→ **Task statement**
Would you reproduce the whole listing exactly, dropping any pictures it holds?

→ **Recorded information**
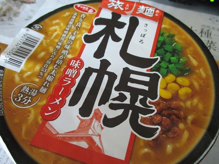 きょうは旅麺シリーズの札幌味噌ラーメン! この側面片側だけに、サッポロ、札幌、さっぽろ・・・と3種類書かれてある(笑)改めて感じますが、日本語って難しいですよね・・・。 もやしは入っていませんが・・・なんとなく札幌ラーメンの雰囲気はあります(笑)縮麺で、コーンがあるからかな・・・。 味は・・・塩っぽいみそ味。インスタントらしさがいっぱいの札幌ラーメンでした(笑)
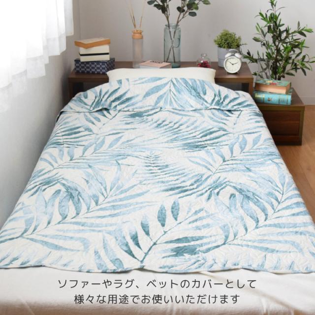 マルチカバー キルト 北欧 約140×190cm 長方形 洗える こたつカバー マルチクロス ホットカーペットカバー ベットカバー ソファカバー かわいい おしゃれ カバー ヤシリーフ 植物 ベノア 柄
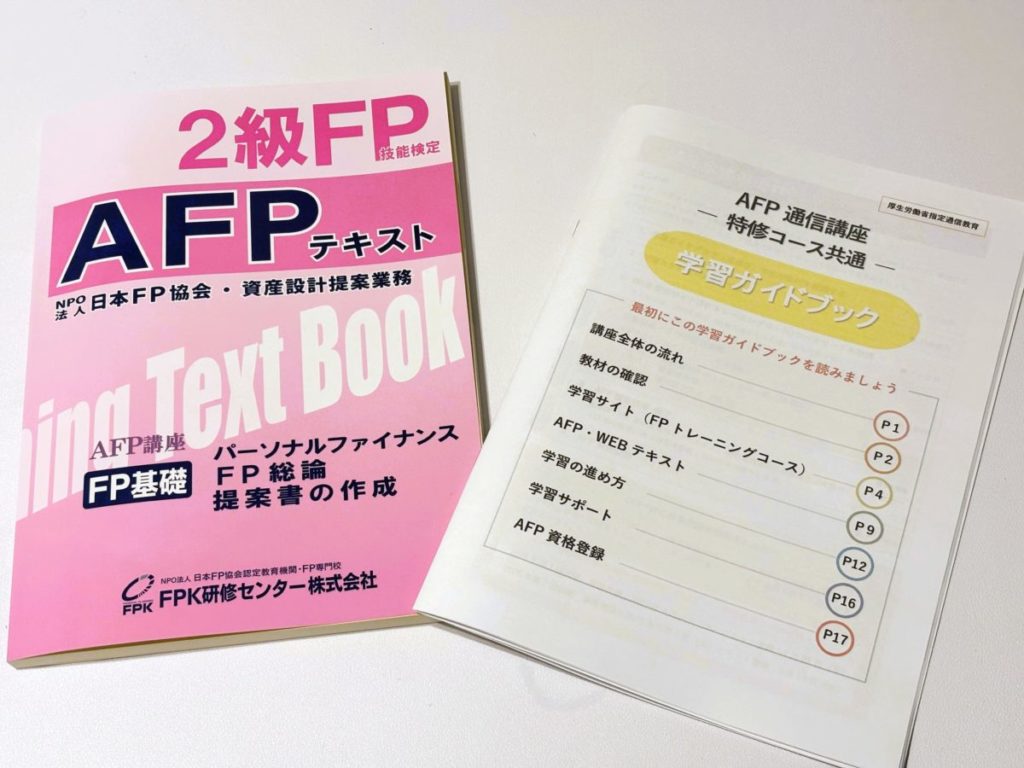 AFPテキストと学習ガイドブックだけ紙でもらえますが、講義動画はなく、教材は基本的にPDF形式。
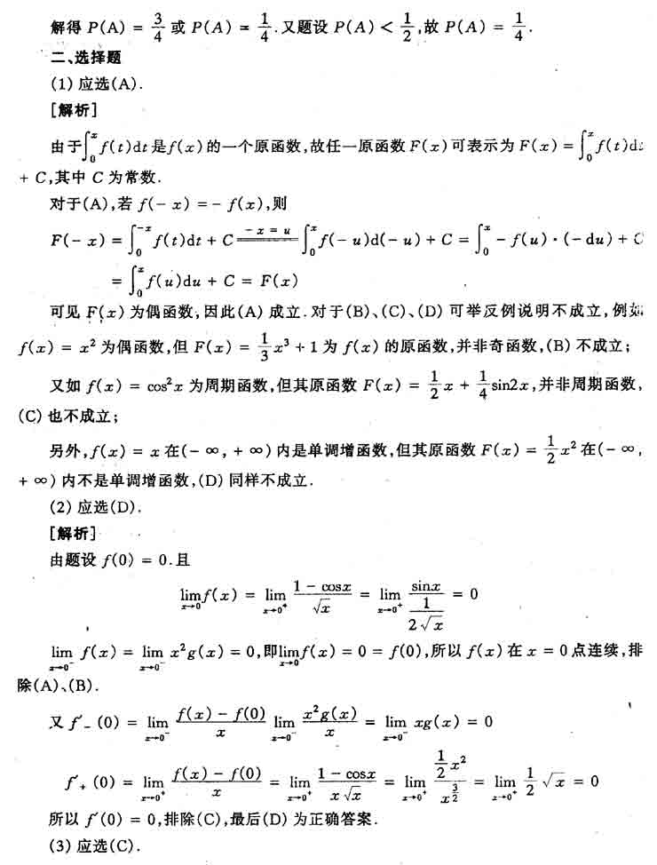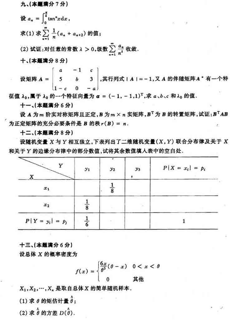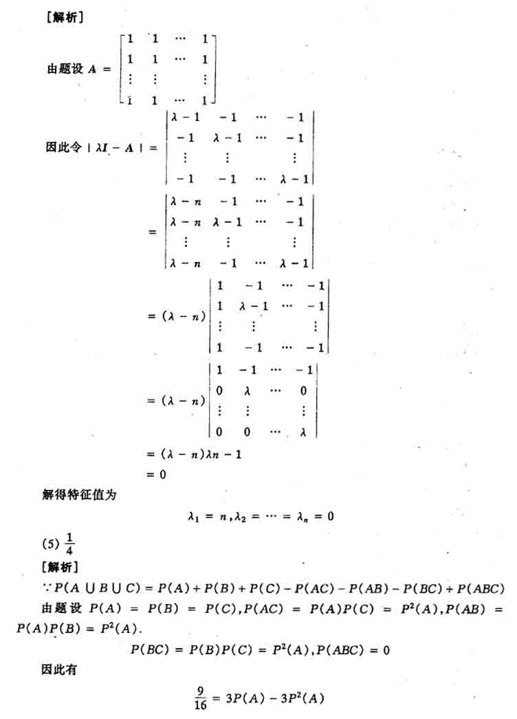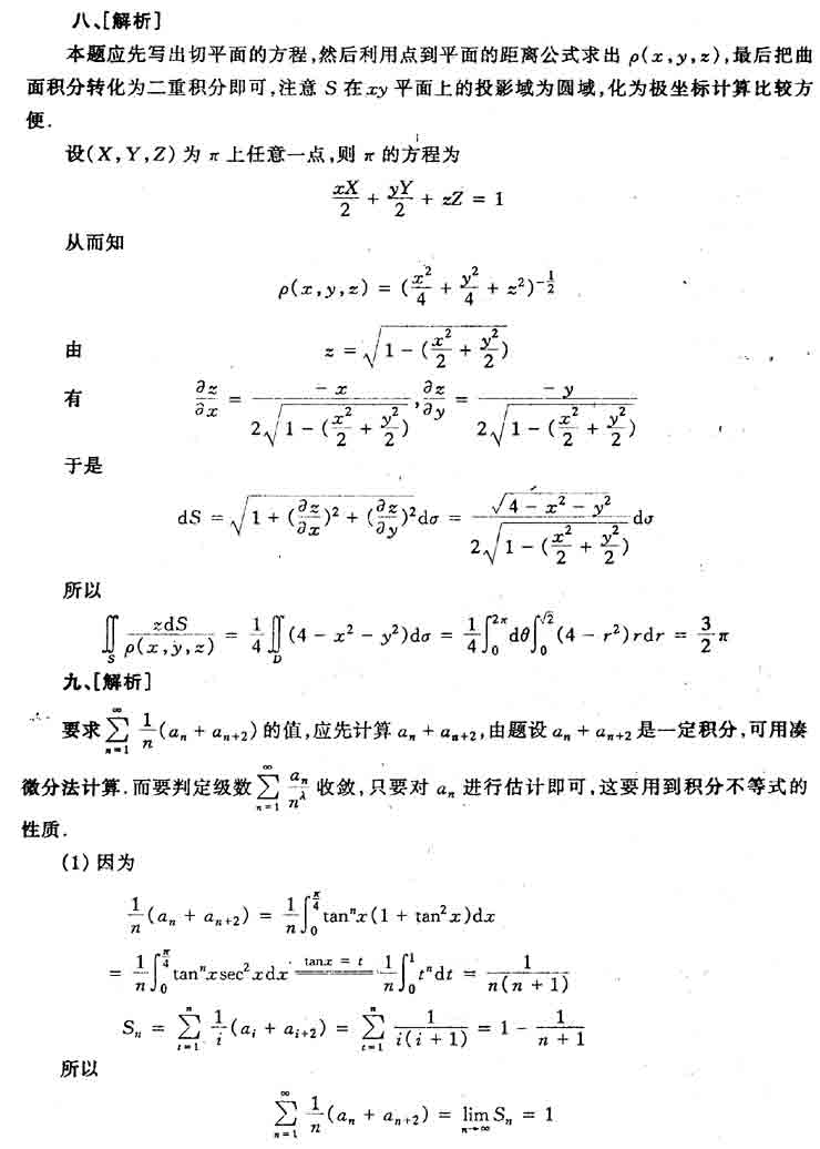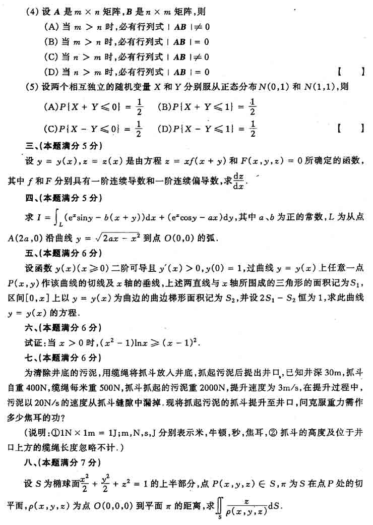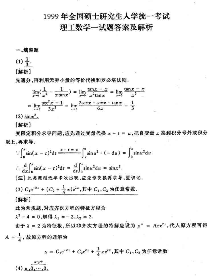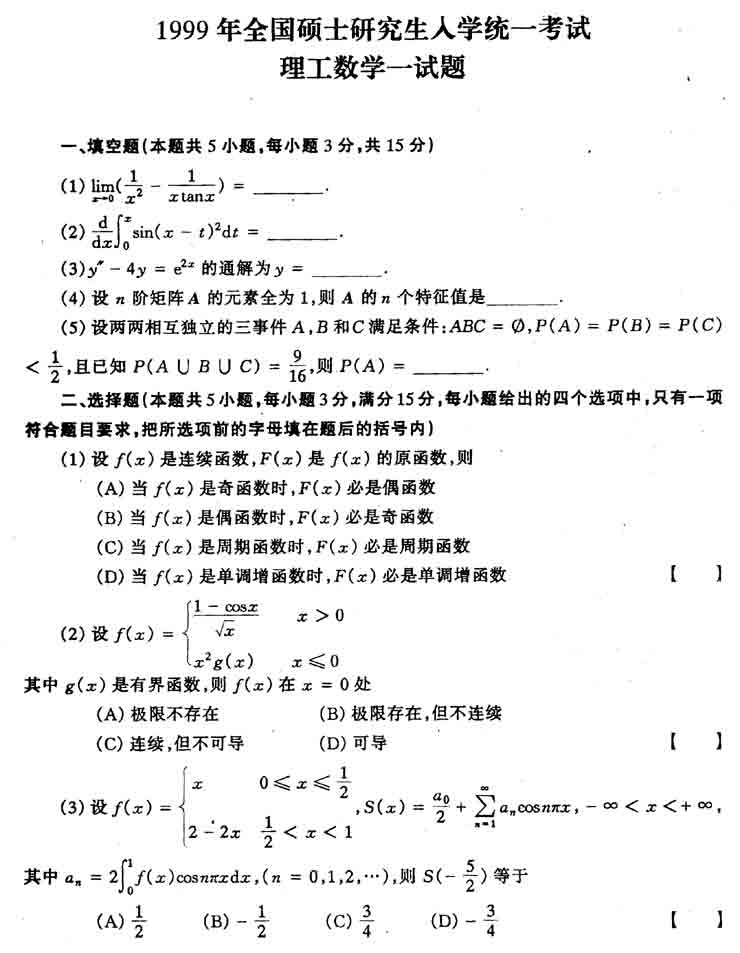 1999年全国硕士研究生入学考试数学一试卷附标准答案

→ **Your solution**
 きょうは旅麺シリーズの札幌味噌ラーメン! この側面片側だけに、サッポロ、札幌、さっぽろ・・・と3種類書かれてある(笑)改めて感じますが、日本語って難しいですよね・・・。 もやしは入っていませんが・・・なんとなく札幌ラーメンの雰囲気はあります(笑)縮麺で、コーンがあるからかな・・・。 味は・・・塩っぽいみそ味。インスタントらしさがいっぱいの札幌ラーメンでした(笑)
 マルチカバー キルト 北欧 約140×190cm 長方形 洗える こたつカバー マルチクロス ホットカーペットカバー ベットカバー ソファカバー かわいい おしゃれ カバー ヤシリーフ 植物 ベノア 柄
 AFPテキストと学習ガイドブックだけ紙でもらえますが、講義動画はなく、教材は基本的にPDF形式。
 1999年全国硕士研究生入学考试数学一试卷附标准答案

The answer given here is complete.